The letters of Paul are one sided conversations. It's like playing Jeopardy, we know what the answer is, but we don't know what the question is. He wrote specific answers to help churches with their specific problems. Paul is NOT gospel, he gives his interpretation of things based on his experience and education (let's not forget that Paul was Saul, who was educated as a pharisee).


----------



## Josh (Sep 18, 2004)

if you want, read the last 5-6 verses of MARK in the Bible, and there, Jesus says that one of the signs people will see that someone believes in Him is Speaking In Tounges. And more proof of Jesus is how Paul who hated Christians became one himself. Jesus met him there on the Damascus Road.


----------



## punisher73 (Sep 18, 2004)

Reread what I said about the usage of the words in relation to speaking in tongues.  Verses 9-20 in that part of the book of Mark were written well after the rest of the gospel and aren't included in the most reliable or oldest versions. If you take those verses literally, you will also be like the Church of God based out of Clevland, Tennessee (not to be confused with the Church of God based out of Anderson, Indiana) that takes all of those verses to heart and has snake handling as part of their service.  Oh, and if a member is bitten and dies they take that to mean the person had unconfessed sins.
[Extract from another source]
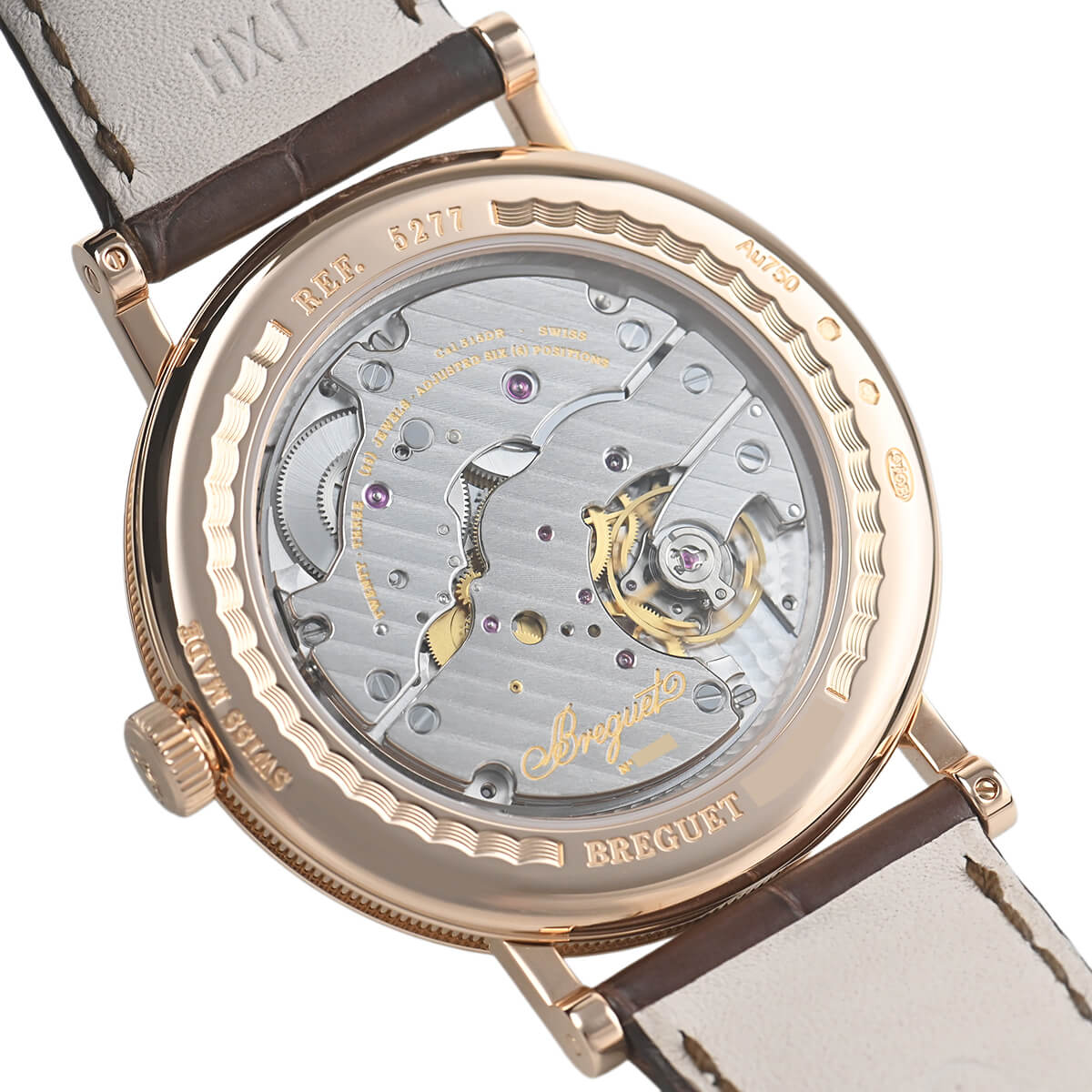 これまでと同じサイズの香箱とケース径を与えられながら、96時間というロングリザーブに改良された「5277」。採用されたシリコン製ヒゲゼンマイは、有害物質を含まない上に磁気帯びをせず、また錆びにくいという特性を持っています。

Jesus references speaking a known language that a person hasn't learned yet in those verses ( greek- dialektos) and later fulfilled with the gifts of the spirit. He does NOT talk about "speaking in tongues" as Paul referenced in Corinthians (greek- glosalalia), nor does he say anything about a "prayer language" that is unknown to everyone.


----------



## Mark Weiser (Sep 18, 2004)

Punisher I am impressed. Good Job! 

Anyway sorry I was out of town today and could not get to the PC.  Anyway in reference to the so called tongues movement. First let us use the gift HaShem has given us it is called logic. The systematic useage of languages and grammar to understand the CONTEXT of the words that are used. Now we should look and remember that God is the same yesterday,today and tommorrow correct?

This being the case let us take a journey back to what you would call the Old Testament. We shall see if the Holy Spirit was in action as he is claimed to be in the New Testament. SIDE NOTE the Holy Spirit is alleged to be part of the God Head so in a sense he is God according to this stand point. 



The Holy Spirit Empowers God&#8217;s Servants for Service In Numbers 11.25-26 the helpers appointed by Moses to assist him in his work are to receive the same &#8216;spirit&#8217; as he enjoys - &#8216;the Lord took some of the spirit that was upon him, and put it upon the seventy elders, and when the spirit rested upon them they prophesied&#8217;. The activity of the Spirit is revealed in prophesying, but in this case as a sign of permanent enduement with the Spirit of wisdom.. 

Now God imparts or plants the Holy Spirit on people in the Old Testament. Those folks were given power to see the future, heal the sick, etc... there has never been an instance that I can recall in the OT that when a servant of HIM has ever spoken in another language. Remember God is the same yesterday, today and tommorrow.  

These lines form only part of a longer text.